### YOUR OBJECTIVE:
The copy should hold exactly the lines below from the one that contains "Multi-sensor and multi-platform" through the one that contains "新浪体育|吴艳妮100米栏12秒87夺冠 创造本年亚洲最恋战绩!" and nothing else, so no pictures.

### DATA TO PROCESS:

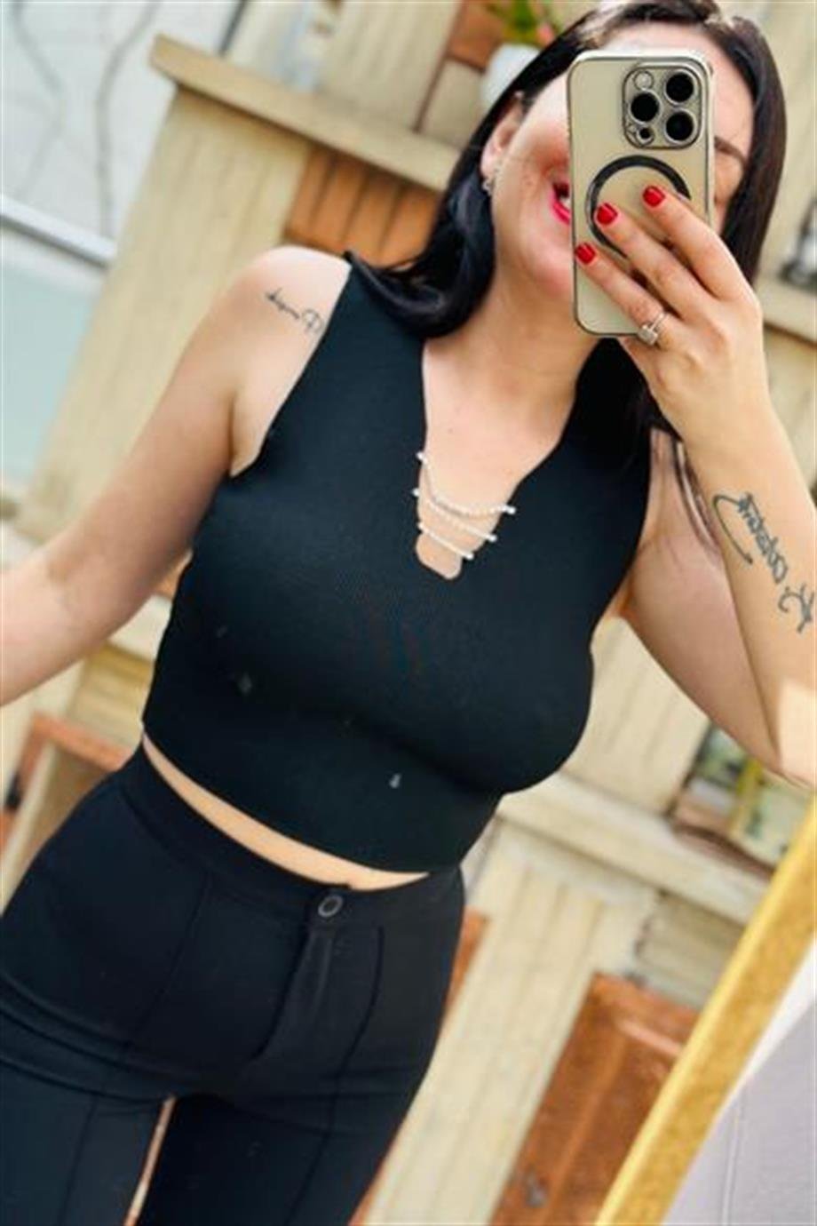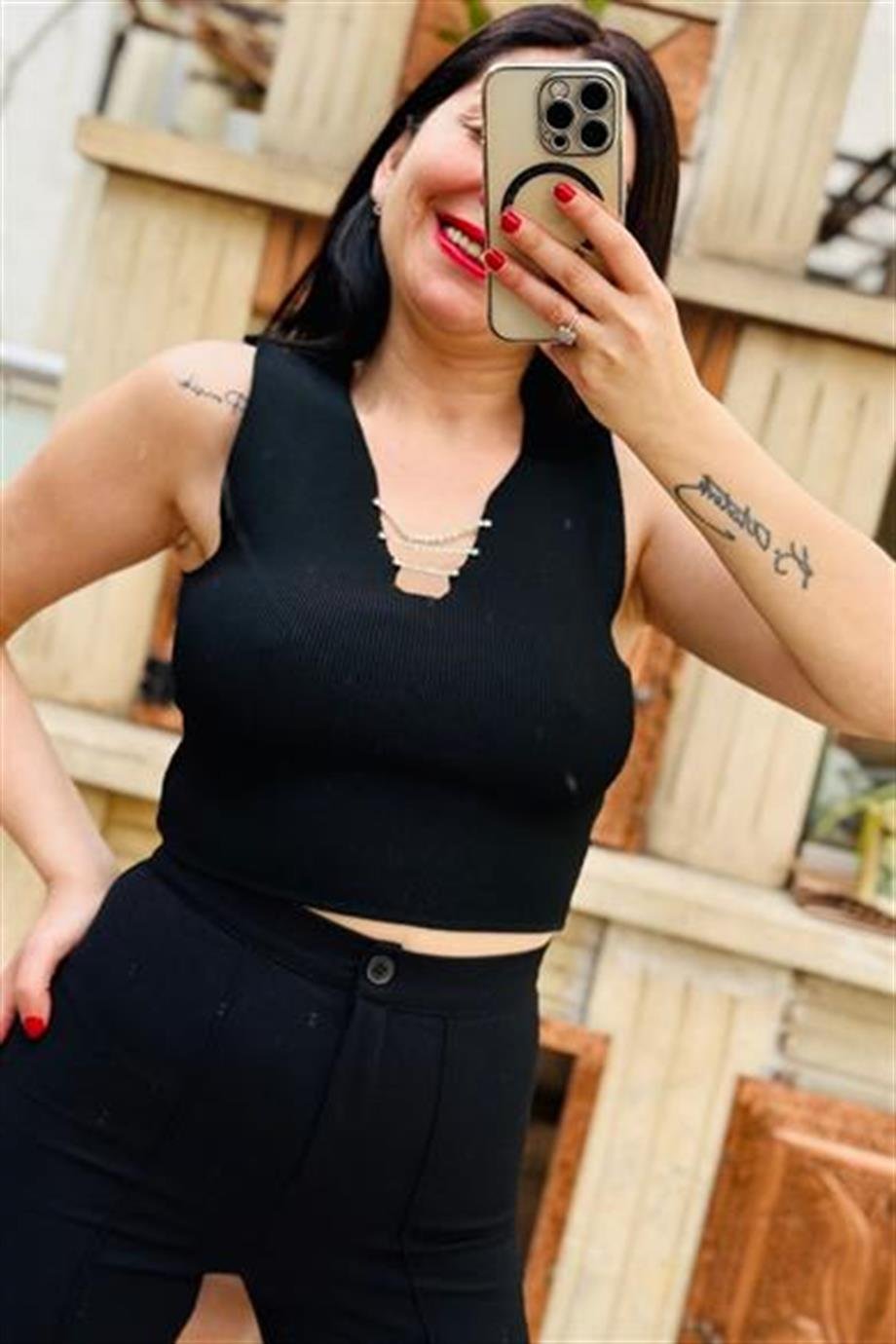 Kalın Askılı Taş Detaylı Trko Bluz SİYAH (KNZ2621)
---
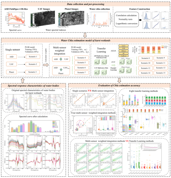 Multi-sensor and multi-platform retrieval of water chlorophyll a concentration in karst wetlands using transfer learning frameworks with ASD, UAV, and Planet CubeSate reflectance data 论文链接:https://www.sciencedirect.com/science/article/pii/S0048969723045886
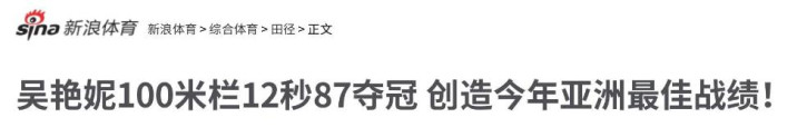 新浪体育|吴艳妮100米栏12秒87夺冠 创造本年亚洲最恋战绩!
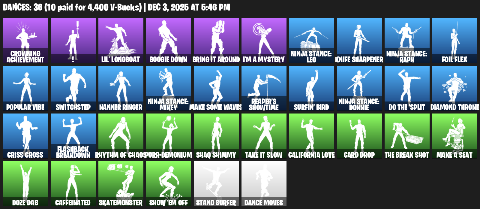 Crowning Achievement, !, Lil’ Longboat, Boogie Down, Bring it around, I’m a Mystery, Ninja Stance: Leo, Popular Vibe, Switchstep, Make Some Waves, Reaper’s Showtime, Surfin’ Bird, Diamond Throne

### ANSWER BELOW:
 Multi-sensor and multi-platform retrieval of water chlorophyll a concentration in karst wetlands using transfer learning frameworks with ASD, UAV, and Planet CubeSate reflectance data 论文链接:https://www.sciencedirect.com/science/article/pii/S0048969723045886
 新浪体育|吴艳妮100米栏12秒87夺冠 创造本年亚洲最恋战绩!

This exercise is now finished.